## What is being asked
Look through the data below and show every line that includes "frame".

## Provided records
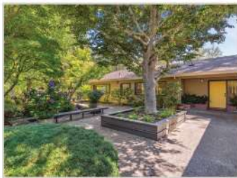
237 Glorietta Blvd, Orinda 5 Bd | 3 Ba | 3109 Sqft | $2,650,000

This home enjoys over 4000 sqft of living w/ an outdoor retreat including a pool & sports court ideal for gatherings and fun in the sun!
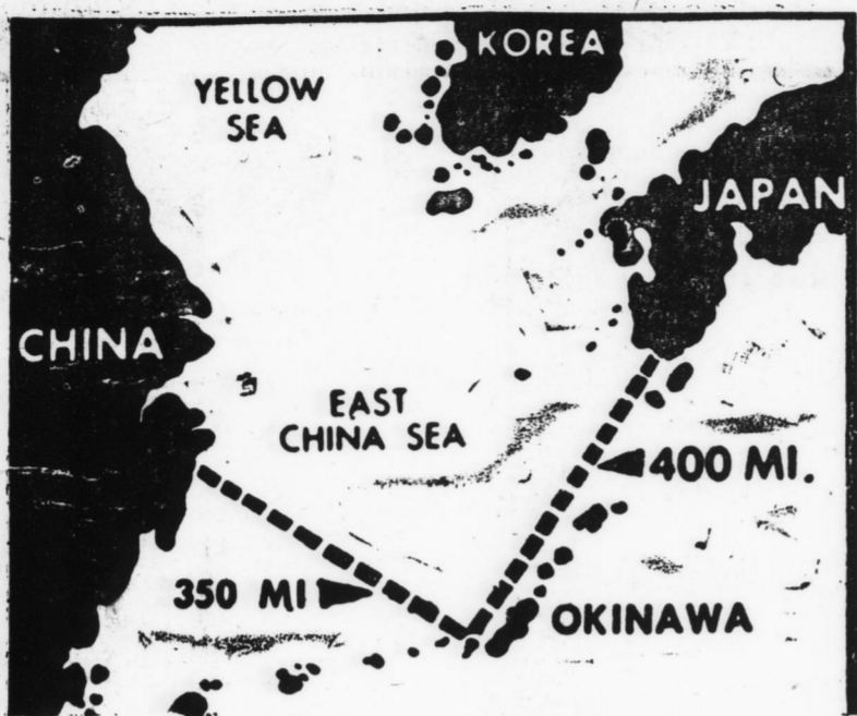
This map shows the U. S. Base at Okinawa, from which Japanese cities are being shelled at will with little resistance.
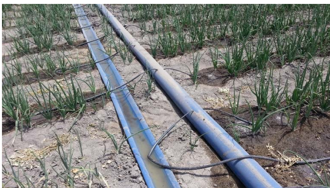
Drip irrigation being used for onions.

Different irrigation methods are commonly used to irrigate onions, each with different management considerations. Historically, furrow irrigation was the method of choice. Furrow irrigation results in large fluctuations in soil moisture, nutrient leaching, and low water use efficiency. Drip irrigation is becoming more widely used to grow onions. The advantages of drip include better fertilizer management, reduced water use, improved pest and weed control, and increased onion bulb size, uniformity, and marketable yield. Regardless of the irrigation system used, there are some basic principles to understand that will help ensure proper irrigation. This fact sheet will discuss these basic principles.
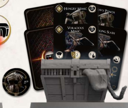
Closed Mimic (after the party is defeated by a Mimic)
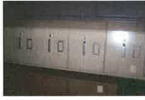
27-3(5) DRAWER FILING CABIN
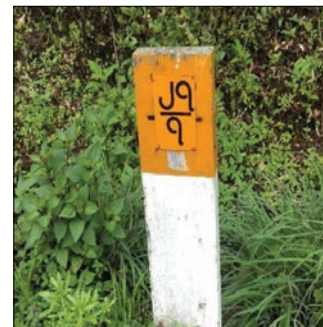
27 mile and seven furlongs post.

The security measures have been heightened to reveal the case as the armed groups brutally killed the innocent civilians including members of the Sangha.—MNA
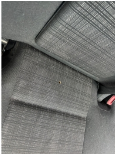
Burn marks in trim,General wear and tear to trims
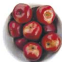
Red Delicious Apples 3 lb. bag
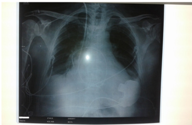
Figure 2 Radiographic findings after LVAD Heart Mate 3 implantation and tricuspid valve reconstruction.

The postoperative course at the clinic for cardiac surgery also regular. The pump speed was set at 4800 rpm, PF 3,4, PP 3,2, PI 3,3, Hct 27. Stable LVAD parameters and data from the controller. Auscultation shows cardiac rhythmic action, clear sound of LVAD pump without variations in intensity. Laboratory and radiological analysis within the reference values (Figure 2). The echocardiography at discharge showed the left ventricle increased in size, smaller in (EDD 6.6, ESD 5.7 cm), normal wall thickness. A slight MR 1+ is recorded into the left atrium with dimensions of 4.6 cm. The right ventricle was of smaller dimensions comparison to the preoperative findings of 2.6 cm, better systolic and longitudinal functions. There was still the presence of TR 1-2+ of eccentric stream directed towards the DP wall. A mild PR 1+ was recorded. The input and output cannulas of device were with excellent colors with the flow rate. The patient and his family were educated regarding the device's functioning (battery charging, alarm registration) and the hygiene of the output area of the drive line. The patient no showed symptoms of heart failure and was physically active. After one month the patient was discharged. On follow-up examination one and two months after discharge, LVAD parameters and data on controller were stable. The LVAD alarms were not registered. The patient was put on the list for a heart transplant.
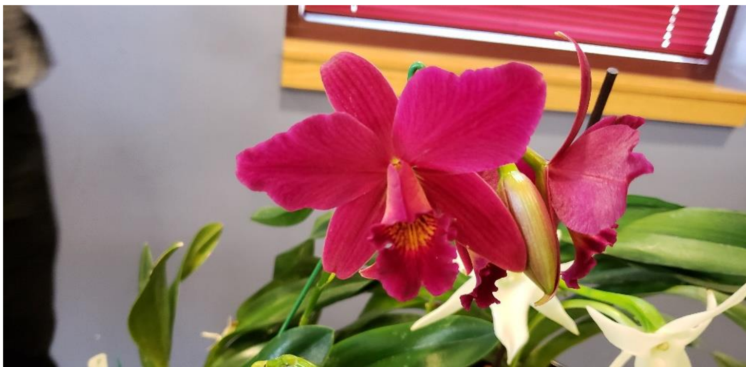
Lc. 'Red Beauty'
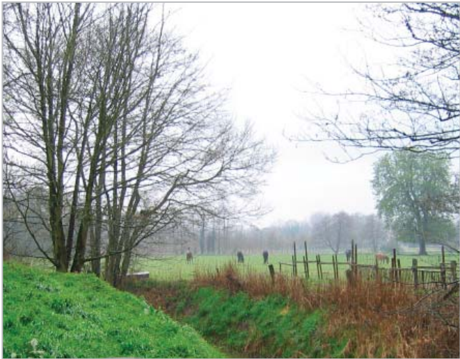
Grazed pasture within the valley
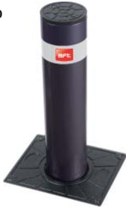
STOPPY B 115/500
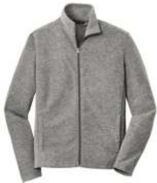
Port Authority® Heather Micro fleece Full-Zip Jacket
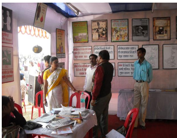
Written messages and posters on Disability at the Mass Awareness Stall at Santiniketan Poush Mela Festival from 23.12.09 to 26.12.09.
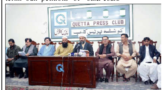
QUETTA: Majlis Wahdat-e-Muslimeen (MWM) Leader, Allama Maqsood Domki addresses to media persons during press conference regarding to condemning the latest incident of desecration of the Holy Quran in Sweden, at Quetta press club.

He said that the decision should have come together and prayed the judge to transfer the case to another court.
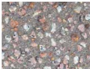
Tableland Pink 7mm
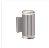
601432BN-LED Brushed Nickel
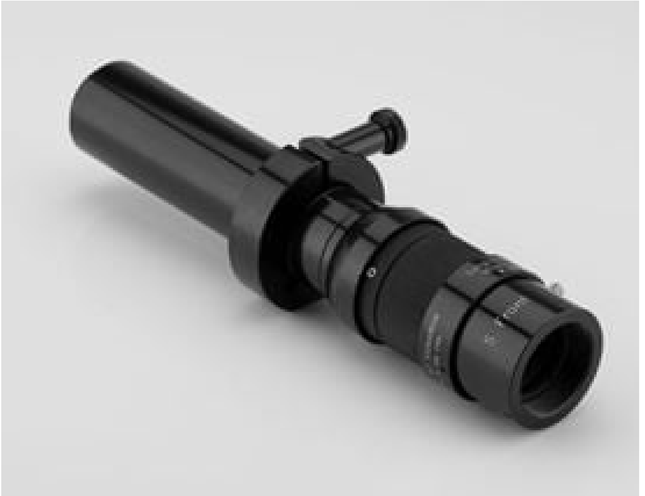
#86-889: S Main Body, C-Mount, KC VideoMax
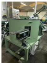
Reference: ZIP-022 DYNAMIC FEEDER Year: . Brand: TAD
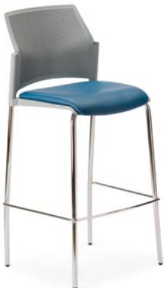
Easy™ stool, four-leg frame, upholstered seat, armless 964 FL
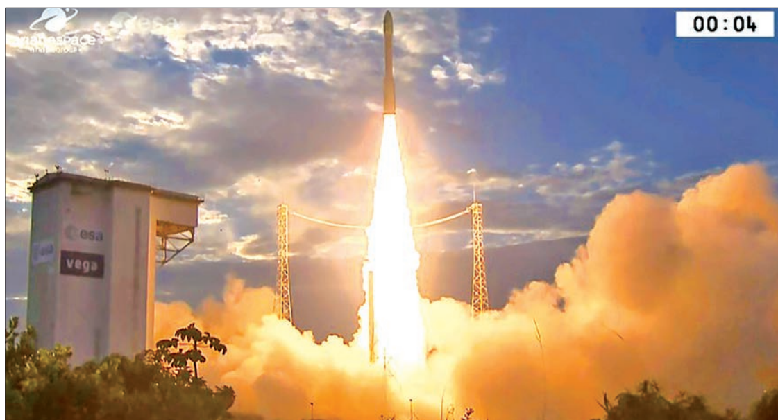
The launch of the “Aeolus” satellite -- named after the guardian of wind in Greek mythology -- took place at 2120 GMT Wednesday, after a 24-hour delay due to adverse weather conditions.

The satellite “will probe the lowermost 30 kilometres (18 miles) of the atmosphere in meas-
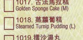
1017. 古法馬拉糕 Golden Sponge Cake (M)
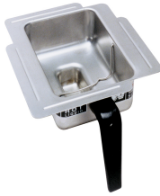
FUNNEL ASSY, SST-PP BLK HDNL
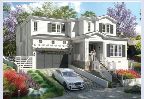
2235 S Beverly Dr. –
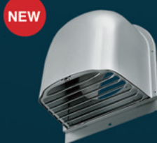
Model CFX 3"-12" Aluminum
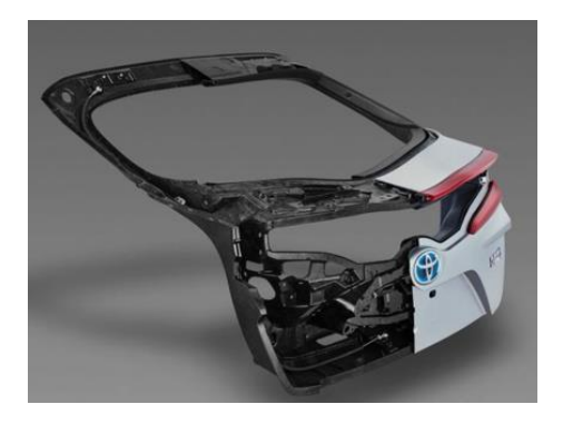
Figure 1: Rear door frame made of SMC [Toyota]

The aim of this Thesis is to perform process simulations for BMC parts made with recycled carbon fibers and resin, integrating unidirectional reinforcement fibers as flow obstacles in the final demonstrator of the current research project Deepflow. These results shall be compared to the real parts produced within the project.

## Exercise result
Easy™ stool, four-leg frame, upholstered seat, armless 964 FL
Figure 1: Rear door frame made of SMC [Toyota]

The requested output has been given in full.